For the ephemera enthusiast, these have the delight of carrying the menu for a meal on board ship, with the specificity of the date and the name of the ship, and in many instances excellent artwork, signed in many cases by the artist such as Cassiers working for the Red Star Line and Tivo for the North German Lloyd.
Of course, you wouldn’t know that you were missing part of the image. If you weren’t alerted before you read this report, you now know to scrutinize postcards for: (i) the name of the ship and a date printed in black; (ii) an image that seems to have been cut off (i.e. it looks like it might bleed beyond the lower edge of the card); and (iii) the lower edge of the card is not clean-cut (these cards were generally perforated or otherwise scored, and detaching them would not have left a clean edge). You may also find that the card is smaller than the normal card size, where the perforations did not hit the right place on the initial sheet.
We haven’t found many of these at postcard shows. Our experience shows that you are much more likely to find them at an ephemera fair, categorized under ‘Menus’. It makes some sense, because a postcard dealer offers postcard collections, generally coming from an estate. His or her protective sleeves and display boxes are designed for the dimensions of postcards, and these postcard/menu combinations do not fit into a conventional postcard display.
A first-cousin, as it were, to these postcard/menu combinations is a full-page menu designed so that it can be folded in three panels with space on the back for an addressee on one panel, and room for a brief letter on the other panels. This format is represented in the President Jackson and President Wilson examples in PM 78 and PM79. There are other examples elsewhere in the Collection, notably in the menus of the NYK Line of Japan, contained in that section.
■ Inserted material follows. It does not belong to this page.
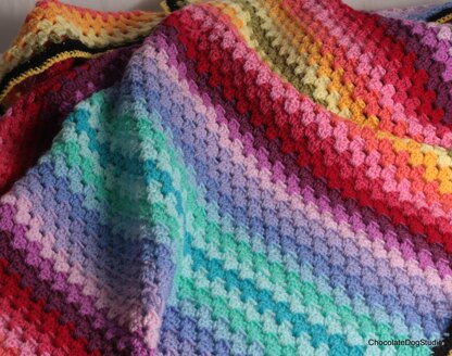 Create your own Ombre Granny Stripe blanket. Complete with color listings and instructions. This pattern is an easy pattern and suitable for a beginning crocheter. The pattern is to create the blanket in the photograph and will be approximately 48" x 68". The supply list, yarn brand, color choices and edging pattern are all included in this pattern. You will download the PDF file directly to your computer. This is an easy pattern with many photographs to help you along. The stripes run from head to toe along the length of the afghan. Skill level: Beginner Skills needed: • Double crochet• Slip stitch • Weave ends in • Change colors Supplies needed: • Yarn • Scissors • Large eye needle • Size g crochet hook or size needed for gauge These instructions are written in U.S. crochet terminology. The yarn used is acrylic and you may wash this blanket in cold water and lay flat to dry.

This style of menu and message combination appears to be confined to the Pacific Ocean passenger liner fleets of both Japan and the United States. As with the postcard variety, the objectives of the shipping line were to facilitate the passenger sending messages about his or her trip, to give those passengers an activity for their spare time during the long voyage, and most importantly to promote the shipping line and whet the recipients’ appetites for ocean travel.
These postcard and letter card variants might not appeal to a narrowly-focused postcard collector. That postcard collector would face the prospect of having to acquire A4 or 8 ½ x 11-inch acid-free sleeves and put these trophies in a separate 3-ring binder as Menu Cards, or merge them in the same type of sleeve in the body of a Menu collection. From personal experience, postcard/menu combinations in a dedicated binder could be fairly sparse for the first 20 or so years!